Hummels: Es ist einfach nur krank, was in den fünfeinhalb Jahren, die ich jetzt in Dortmund spiele, beim BVB passiert ist. Das hätte mir mal einer erzählen sollen, als ich hier hergekommen bin und wir auf Platz 13 standen...Ich kann es im Moment aber einfach nicht einordnen. Fragen Sie mich noch einmal, wenn wir den Pott gewinnen sollten.

Frage: Barcelona oder Bayern - mit welchen Gefühlen werden Sie sich das zweite Rückspiel am Mittwoch ansehen?

Hummels: Ich werde wohl noch nie so entspannt ein Fußballspiel verfolgt haben wie dieses. Es ist für uns ziemlich egal, welche der beiden Weltklassemannschaften weiterkommen wird. Man kann doch aber sehr sicher davon ausgehen, dass das die Bayern in der aktuellen Verfassung nach Hause bringen werden.
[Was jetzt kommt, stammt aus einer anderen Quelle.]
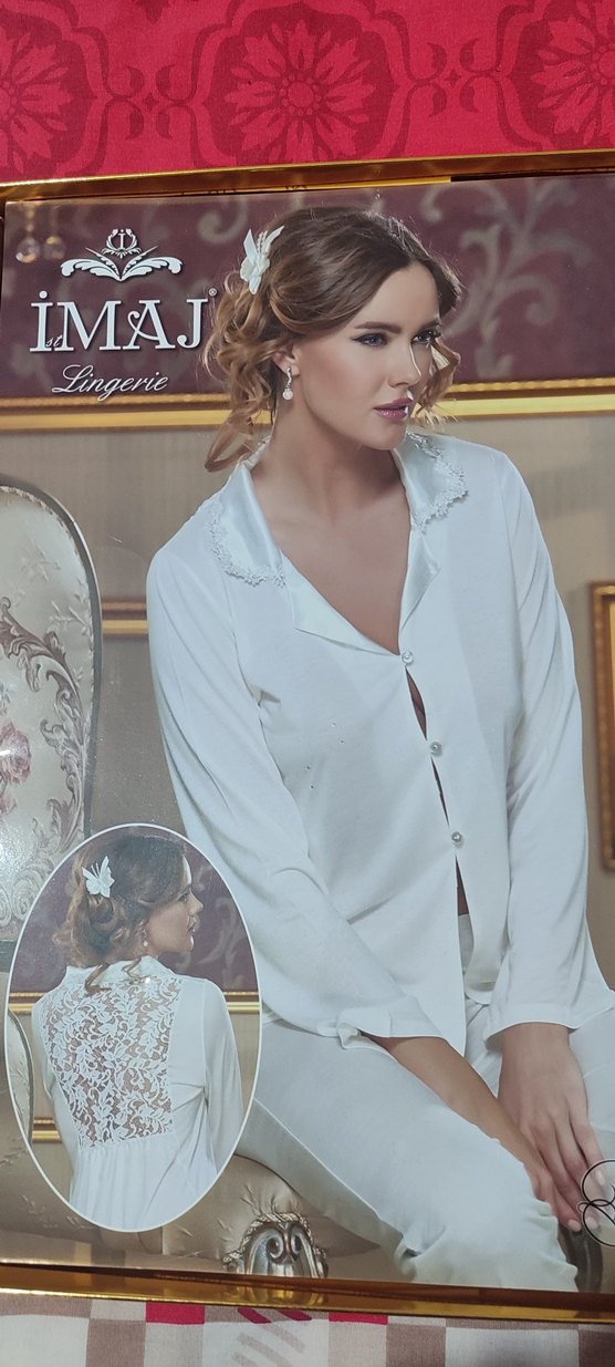 ürün içeriği kutu üzerinde gözüktüğü gibidir ve parçalar eksiksiz olarak durmakta. Hiç kullanılmamış kutulu üründür Beyaz, uzun kollu mini pijama takımı, bol kesim ve sırtında ince dantel detayına sahip, klasik ve modern rahatlığı bir arada sunuyor. Önünde düğmeli ve zarif yakalıdır. ️
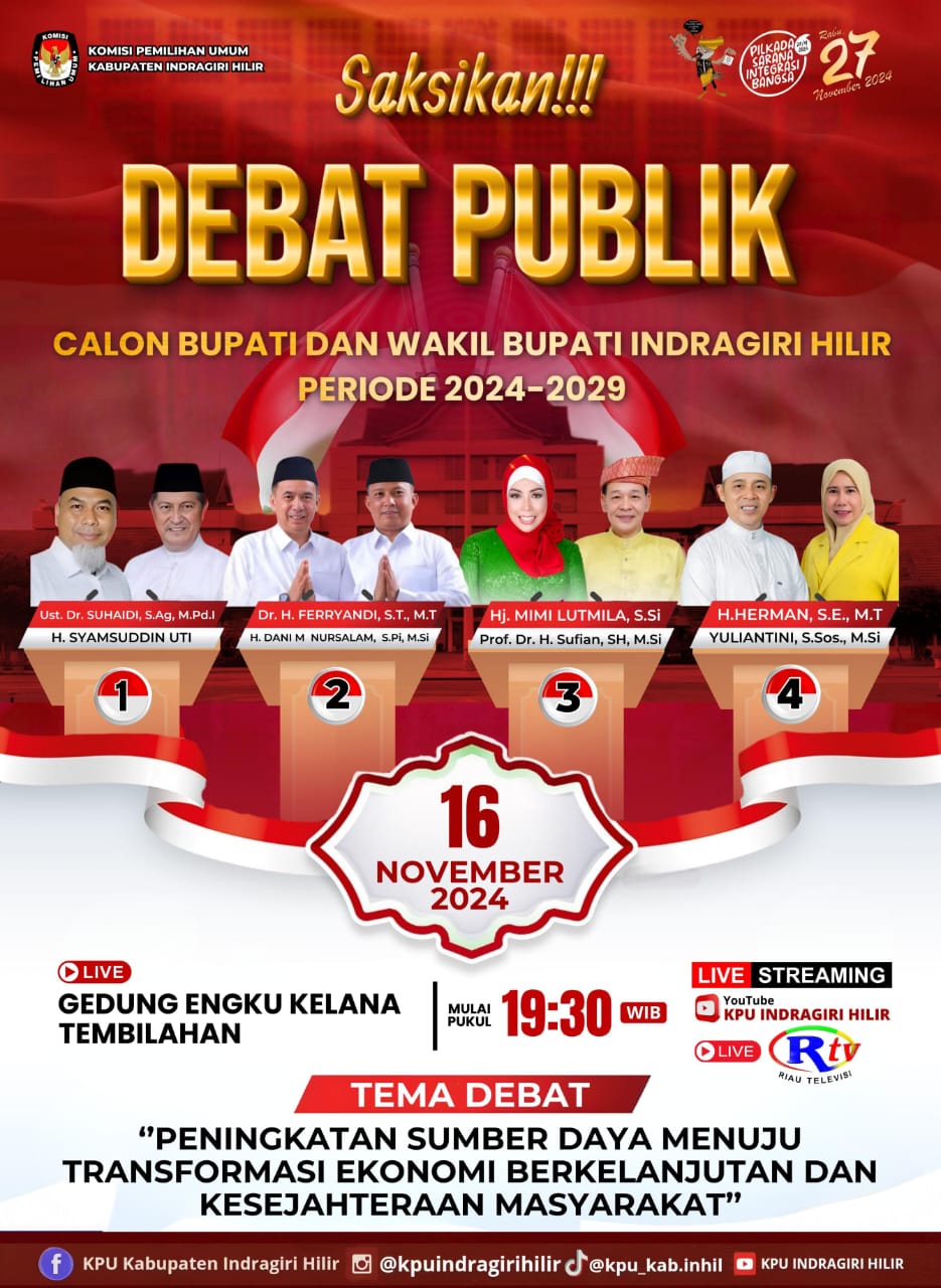 Komisi pemilihan umum (KPU) kabupaten Indragiri hilir akan melaksanakan debat pasangan calon Bupati dan wakil bupati pada tanggal 16 Nopember 2014 mendatang.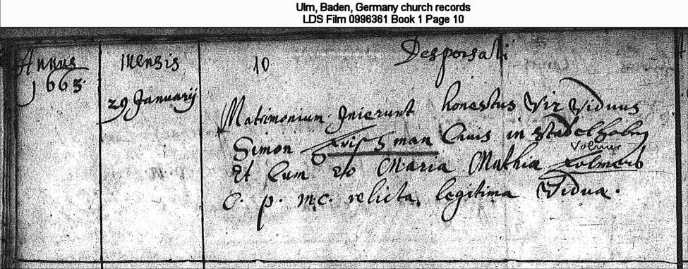 | Marriage Record - Maria Volmer Ulm, Baden, Germany church records LDS Film 0996361 Book 1 Page 10 |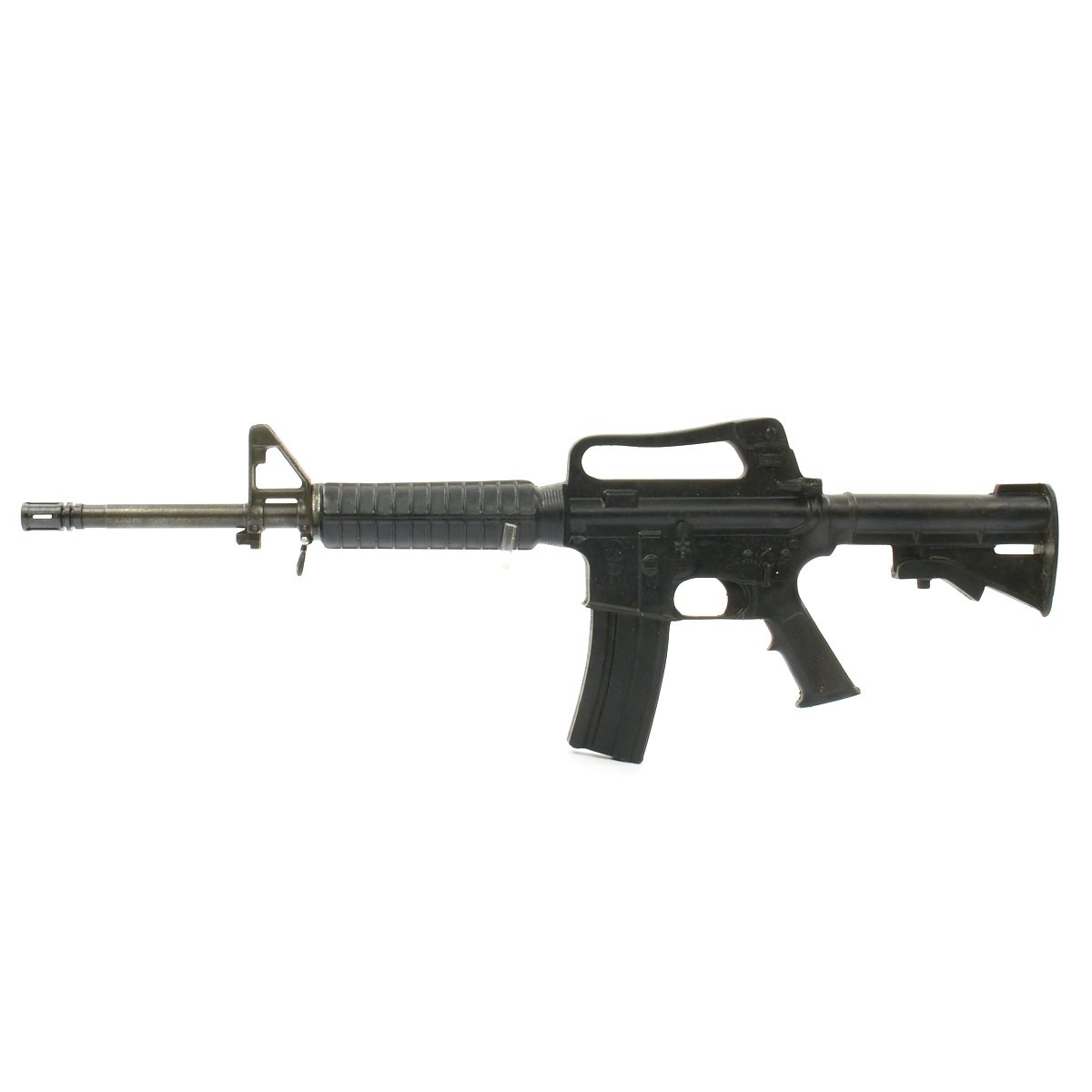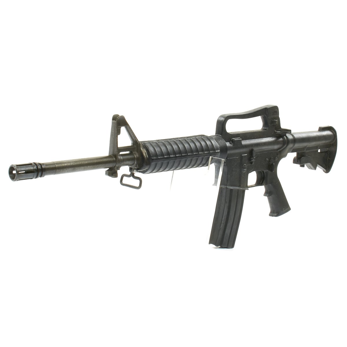 Original Item: Only One Available. Colt M16A2 Military issue non-functional RUBBER DUCK training and parade carbine. Features genuine M16A2 carbine metal barrel, front sight, sling swivels, and other components, all coated in hard rubber with resin construction. This is a carbine version that is 30 inches long, compared to the 39.5 inches of the rifle, with an M4 carbine style stock.
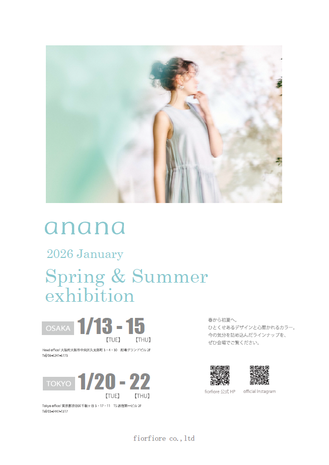 exhibition 2025.12.25 anana 2026 January exhibition OSAKA/2026.1.13(火)-1.15(木) 9:30-18:00 TOKYO/2026.1.20(火)-1.22(木) 9:30-18:00 ※尚、会場の混雑を防ぐために完全アポイント制とさせて頂きます。皆さまのご協力をお願い申し上げます。 スタッフ一同、心よりお待ちしております。 何卒宜しくお願い致します。 株式会社フィオールフィオーレ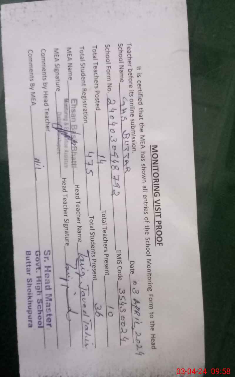 | EMIS Code: 35430024 | Name of School: GHS BUTTAR | |||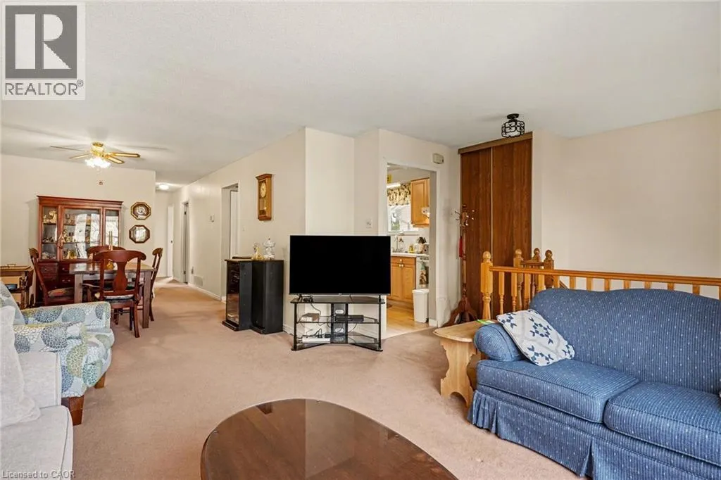 area flows seamlessly into the dining space, ideal for everyday living and entertaining. The eat-in kitchen is equipped with modern quartz countertops, an undermount sink (2024), and includes appliances. This level is complete with three comfortable bedrooms and a 4-piece bathroom. The spacious, partially finished basement (2020) provides additional living space and includes a walkout to the backyard and a dining-sized deck, perfect for hosting or enjoying quiet outdoor meals. You’ll also find a dedicated laundry area and ample storage. Outside, the private backyard is framed by mature surroundings, creating a peaceful retreat for relaxing or spending time with family. The home also offers two driveway parking spaces for added convenience. Ideally located in a family-friendly community, you’re just minutes from parks, schools, scenic walking trails, shopping, dining, and community centres, with quick access to major highways for easy commuting. (id:62650)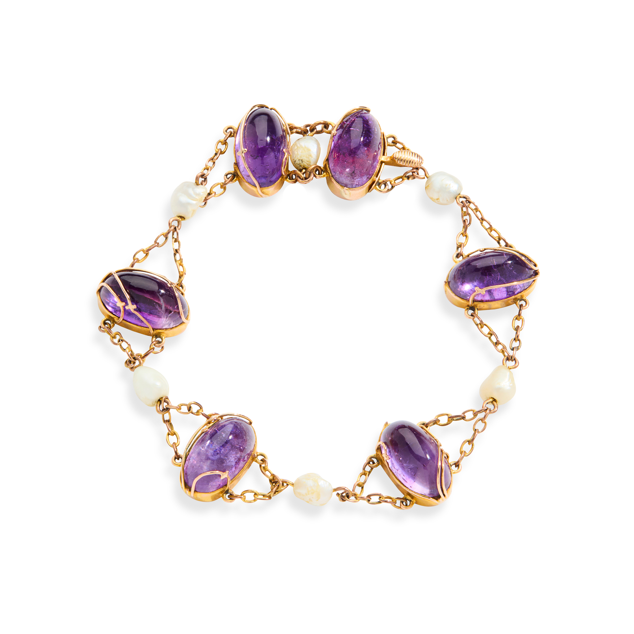 Collet-set with six cabochon amethysts, wire work detailing, between freshwater cultured pearls, trace-link chain, stamped 9ct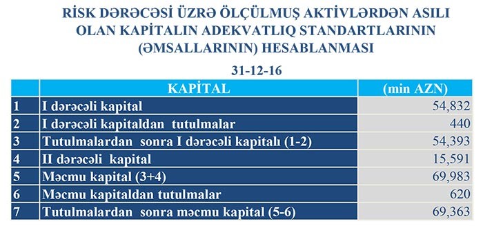 "TuranBank"ın cəmi balans kapitalı 2016-cı ildəki 59 milyon 235 min manatdan 58 milyon 970 min manata geriləyib.Bankın məcmu kapitalı isə 69 milyon 363 min manatdan 68 milyon 623 min manata düşüb.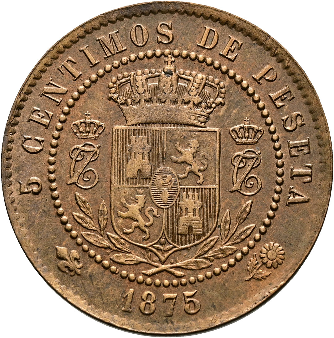 5 Céntimos. AE. Oñate. 1875. 5.05g. Cal.2. Muy bonito color. Muy esc...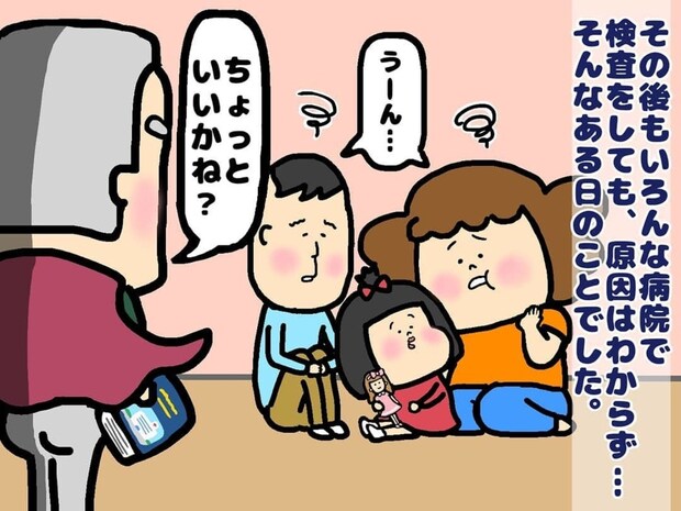 1歳前に歩き始めた主人公でしたが、成長とともに足の遅さや転びやすさが目立つように。心配した両親は、いくつもの病院を訪ねて原因を探します。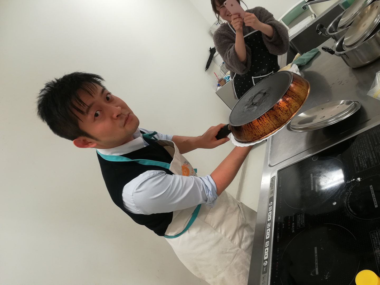 焼けたらひっくり返して(林のドヤ顔パート2)(後ろでわらってる安齋)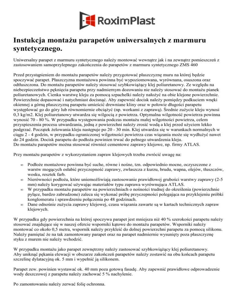 Instukcja montażu parapetów uniwersalnych z marmuru syntetycznego. Uniwersalny parapet z marmuru syntetycznego należy montować wewnątrz jak i na zewnątrz pomieszczeń z zastosowaniem samoprzylepnego zakończenia do parapetów z marmuru syntetycznego ZMS 460 Przed przystąpieniem do montażu parapetów należy przygotować płaszczyznę muru na której będzie spoczywać parapet. Płaszczyzna montażowa powinna być wypoziomowana, wyrównana, osuszona oraz odtłuszczona. Do montażu parapetów należy stosować szybkowiążący klej poliuretanowy. Ze względu na niebezpieczeństwo pęknięcia parapetu przy nadmiernym dozowaniu nie należy stosować do montażu pianek poliuretanowych. Cienka warstwę kleju za pomocą szpachelki należy nałożyć na obie klejone powierzchnie. Powierzchnie dopasować i natychmiast docisnąć. Aby zapewnić docisk należy pomiędzy podkuciem wnęki okiennej a górną płaszczyzną parapetu umieścić drewniane kliny oraz w połowie długości parapetu występlować go do góry lub równomiernie obciążyć (np. workami z zaprawą). Średnie zużycie kleju wynosi 0,3 kg/m2. Klej poliuretanowy utwardza się wilgocią z powietrza. Optymalna wilgotność powietrza powinna wynosić 70 - 80 %. W przypadku występowania podczas montażu małej wilgotności powietrza, celem przyspieszenia procesu utwardzania, jedną z powierzchni należy zrosić wodą a klej przed użyciem lekko podgrzać. Początek żelowania kleju następuje po 20 - 30 min. Klej utwardza się w warunkach normalnych w ciągu 2 - 4 godzin, w przypadku ograniczonej wilgotności powietrza czas wiązania może się wydłużyć nawet do 24 godzin. Docisk parapetu do podłoża powinien trwać do pełnego utwardzenia kleju. Do montażu parapetów można stosować również cementowe zaprawy klejowe, np. firmy ATLAS. Przy montażu parapetów z wykorzystaniem zapraw klejowych trzeba zwrócić uwagę na: • • • • Podłoże montażowe powinna być suche, równe i nośne, tzn. odpowiednio mocne, oczyszczone z warstw mogących osłabić przyczepność zaprawy, zwłaszcza z kurzu, brudu, wapna, olejów, tłuszczów, wosku, resztek farb. Nierówności podłoża, które uniemożliwiają zastosowanie prawidłowej grubości warstwy zaprawy (2-5 mm) należy korygować używając materiałów typu zaprawa wyrównująca ATLAS. W przypadku montażu parapetów na powierzchniach o nośności trudnej do określenia (powierzchnie pylące, bardzo zabrudzone) zaleca się wykonać próbę przyczepności polegająca na przyklejeniu próbki konglomeratu i sprawdzeniu połączenia po 48 godzinach. Dane odnośnie zużycia zaprawy klejowej, czasu wiązania zawarte są w kartach technicznych zapraw klejowych. W przypadku gdy powierzchnia na której spoczywa parapet jest mniejsza niż 40 % szerokości parapetu należy stosować znajdujące się w naszej ofercie wsporniki kątowe do montażu parapetów. Wsporniki należy montować co około 0,5 metra, wspornik należy przykleić do dolnej powierzchni parapetu za pomocą silikonu. Należy pamiętać że na tak zamontowany parapet oraz na parapet nadmiernie wysunięty poza płaszczyznę styku z murem nie należy wchodzić. W przypadku montażu jako parapet zewnętrzny należy zastosować szybkowiążący klej poliuretanowy. Aby uniknąć pękania elewacji w obszarze zakończeń parapetów należy zostawić na obu końcach parapetu szczelinę dylatacyjną ok. 5 mm i wypełnić ją silikonem. Parapet zew. powinien wystawać ok. 40 mm poza gotową fasadę. Aby zapewnić prawidłowe odprowadzenie wody deszczowej z parapetu należy zachować 5 % nachylenie. Po zamontowaniu należy zerwać folię ochronna.

Frage: Gegen den Rekordmeister geht es auch am Samstag in der Liga. Welche Bedeutung wird dieses Spiel haben?

Hummels: Für das Champions-League-Finale keine (lacht). Da wir zu Hause spielen und die Bayern 14 von 14 Rückrundenspielen gewonnen haben, geht es für uns darum, dass sie zumindest unser Stadion nicht als Sieger verlassen.